→ **DATA**:
■ ■ ■ ■ ■ ■ ■
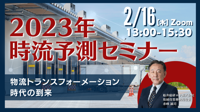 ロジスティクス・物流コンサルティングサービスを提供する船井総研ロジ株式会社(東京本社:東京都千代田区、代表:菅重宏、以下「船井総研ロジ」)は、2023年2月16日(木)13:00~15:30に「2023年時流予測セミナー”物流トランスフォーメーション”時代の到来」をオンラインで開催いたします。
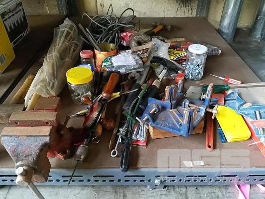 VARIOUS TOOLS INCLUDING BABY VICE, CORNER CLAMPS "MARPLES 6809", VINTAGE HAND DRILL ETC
■ ■ ■ ■ ■ ■ ■
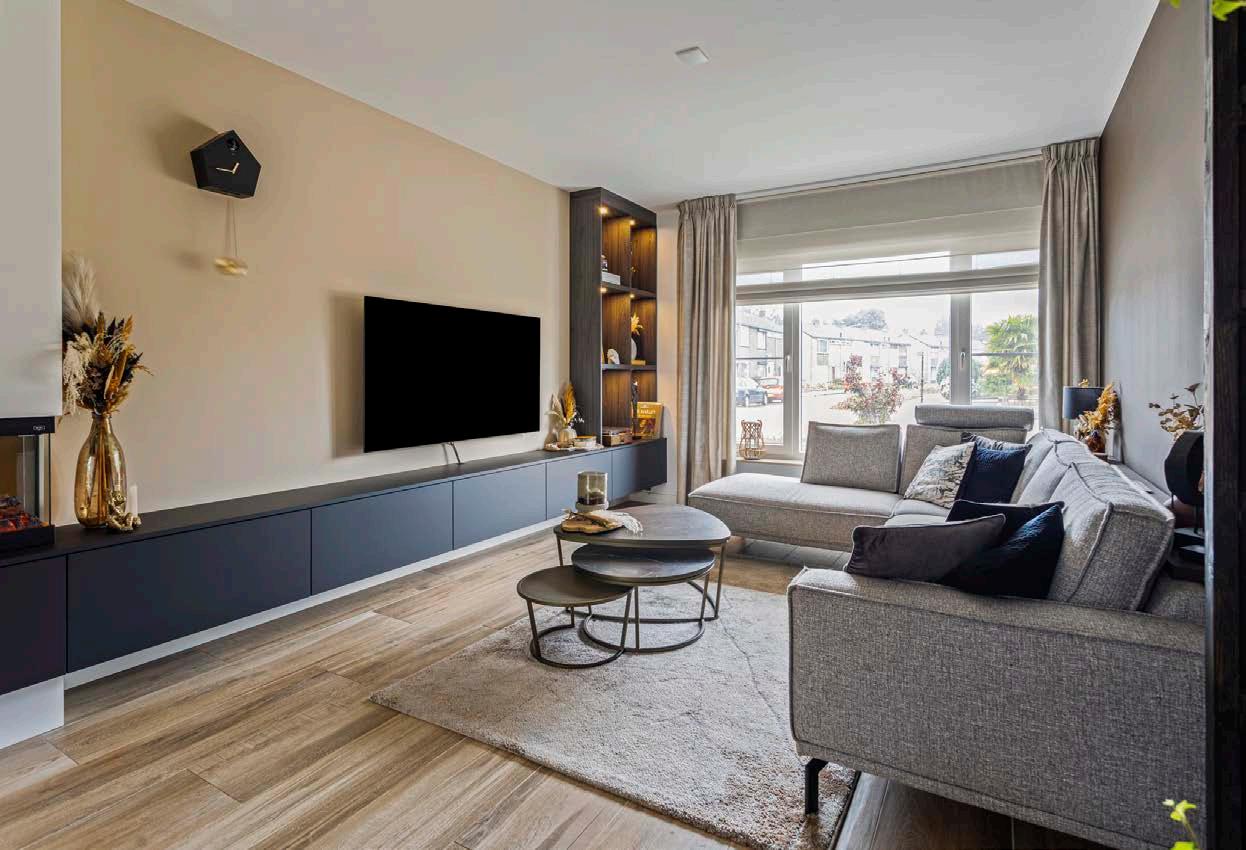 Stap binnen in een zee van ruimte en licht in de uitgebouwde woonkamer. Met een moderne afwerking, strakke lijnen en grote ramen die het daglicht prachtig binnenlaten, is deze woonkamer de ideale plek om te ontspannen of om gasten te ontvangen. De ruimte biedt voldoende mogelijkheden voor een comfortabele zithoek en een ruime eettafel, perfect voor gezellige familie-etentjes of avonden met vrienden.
■ ■ ■ ■ ■ ■ ■
→ **PROBLEM REQUIREMENTS**: Output exactly the stretch of the listing that begins at the line containing "ロジスティクス・物流コンサル" and ends at the line containing "VARIOUS TOOLS INCLUDING", both kept. Omit pictures and everything else.

→ **SOLUTION FOR THIS TASK**:
 ロジスティクス・物流コンサルティングサービスを提供する船井総研ロジ株式会社(東京本社:東京都千代田区、代表:菅重宏、以下「船井総研ロジ」)は、2023年2月16日(木)13:00~15:30に「2023年時流予測セミナー”物流トランスフォーメーション”時代の到来」をオンラインで開催いたします。
 VARIOUS TOOLS INCLUDING BABY VICE, CORNER CLAMPS "MARPLES 6809", VINTAGE HAND DRILL ETC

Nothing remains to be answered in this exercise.